Para um veículo jornalístico de informação científica, a formulação mais equilibrada é esta: peptídeos bioativos específicos, como Verisol, têm ensaios clínicos e revisões sugerindo benefícios modestos para a pele e sinal preliminar para espessura capilar em mulheres saudáveis, mas isso não equivale a tratamento de alopecia areata, não prova benefício para doença celíaca e não substitui diagnóstico médico, correção de deficiências e terapia adequada para cada tipo de queda de cabelo.

 

 

O que perguntar na consulta

  • A queda é compatível com alopecia areata, eflúvio telógeno, alopecia androgenética ou mais de um quadro ao mesmo tempo?
  • Há indicação de tricoscopia e necessidade de biópsia ou o diagnóstico é clínico?
  • Faz sentido pesquisar doença celíaca, ferritina, ferro, B12, folato, zinco, vitamina D, TSH e outras autoimunidades?
  • O objetivo do tratamento é conter atividade, estimular repilação, melhorar densidade ou tudo isso em etapas?
  • Qual o risco de recidiva e quais efeitos adversos merecem vigilância no meu caso?

 

 

FAQ – Perguntas Frequentes

Alopecia areata é causada por estresse?

Estresse emocional pode atuar como gatilho ou agravante em algumas pessoas, mas a alopecia areata é uma doença autoimune e não deve ser reduzida a uma condição “emocional”

Toda pessoa com alopecia areata deve investigar doença celíaca?

Não obrigatoriamente.

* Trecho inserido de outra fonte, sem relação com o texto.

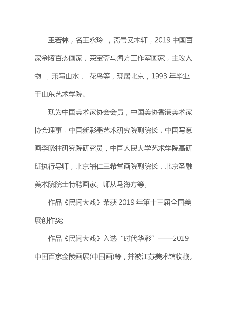 王若林,名王永玲 ,斋号又木轩,2019中国百家金陵百杰画家,荣宝斋马海方工作室画家,主攻人物 ,兼写山水, 花鸟等,现居北京,1993年毕业于山东艺术学院。

A investigação tende a fazer mais sentido quando há sintomas digestivos, anemia, baixa de ferritina, outras autoimunidades, perda de peso, histórico familiar ou suspeita clínica consistente.

Glúten causa alopecia areata?

Não há evidência de que o glúten cause alopecia areata em pessoas sem doença celíaca. O que existe é uma associação entre doença celíaca e alopecia areata em parte dos pacientes.

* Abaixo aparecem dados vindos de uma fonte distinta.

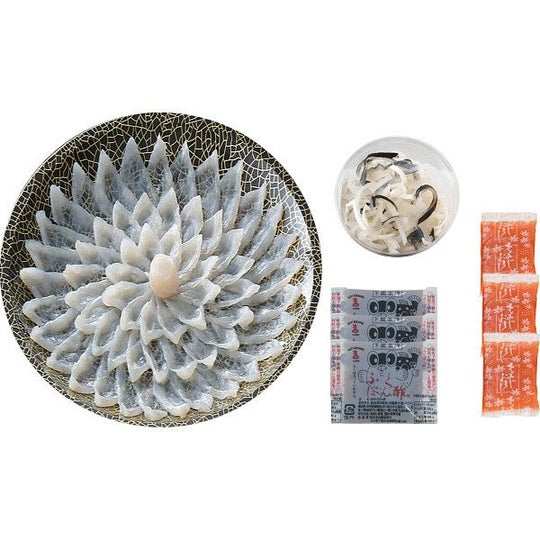 とらふぐ刺身80g、とらふぐ皮30g、ふくポン酢10g×3、もみじおろし10g×3(とらふぐ:熊本県産・長崎県産養殖)

Shampoo, tônico ou sérum curam alopecia areata?

Não. Esses produtos podem ajudar no conforto, cosmética e cuidado da haste, mas não são tratamento padrão da autoimunidade folicular.

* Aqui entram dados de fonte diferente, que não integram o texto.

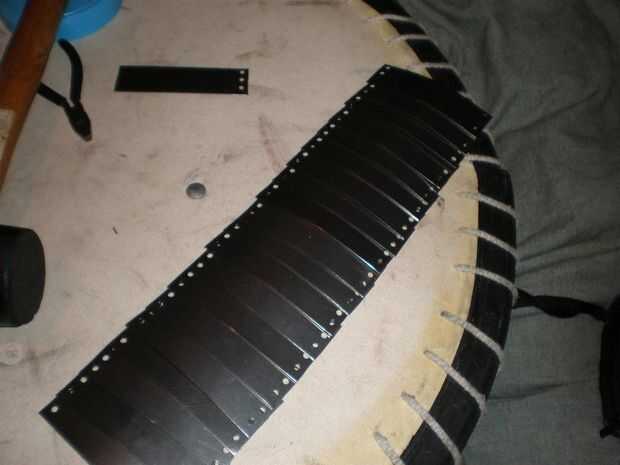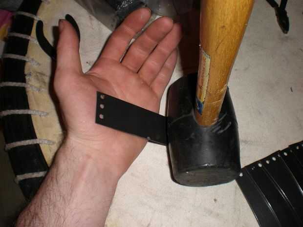 curvar las placas debe ser tan simple como doblando las placas sobre un objeto redondo. plataforma de bandas sin embargo, puede ser terco ya que generalmente es hecho de medio a acero de alto carbono y templado para ser un poco elástico. Idealmente formarían estos alrededor de una estaca de T, pero no puedo hacerlo en mi apartamento, así que tuve que encontrar una manera diferente.

O cabelo pode voltar diferente?

Sim. Na repilação inicial, os fios podem nascer mais finos, claros ou brancos antes de recuperarem espessura e pigmentação.

 

 

Conclusão

A alopecia areata é uma doença autoimune complexa, de curso imprevisível, que não deve ser confundida com queda de cabelo por deficiência nutricional, estresse isolado ou fragilidade da haste.

No contexto da doença celíaca, a mensagem central é dupla: existe associação epidemiológica real entre as duas condições, mas isso não significa que uma explique todos os casos da outra nem que a dieta sem glúten, sozinha, resolva a alopecia areata ativa.

O ponto mais importante é entender que queda de cabelo em celíacos merece investigação clínica cuidadosa, porque pode envolver alopecia areata, eflúvio telógeno por carências, alopecia androgenética ou combinação de mecanismos.

O melhor cuidado nasce de um diagnóstico correto, do tratamento específico para o tipo de alopecia, da correção de deficiências quando existirem e de comunicação responsável sobre suplementos e promessas de mercado.

Suplementos como biotina, zinco, vitaminas e peptídeos de colágeno podem ter espaço em contextos selecionados, sobretudo quando há deficiência, objetivo cosmético ou evidência modesta para desfechos de pele e qualidade da haste.

Ainda assim, eles não substituem o manejo da autoimunidade folicular, não representam tratamento padrão para alopecia areata e devem ser apresentados ao público com o mesmo rigor crítico aplicado a qualquer intervenção em saúde.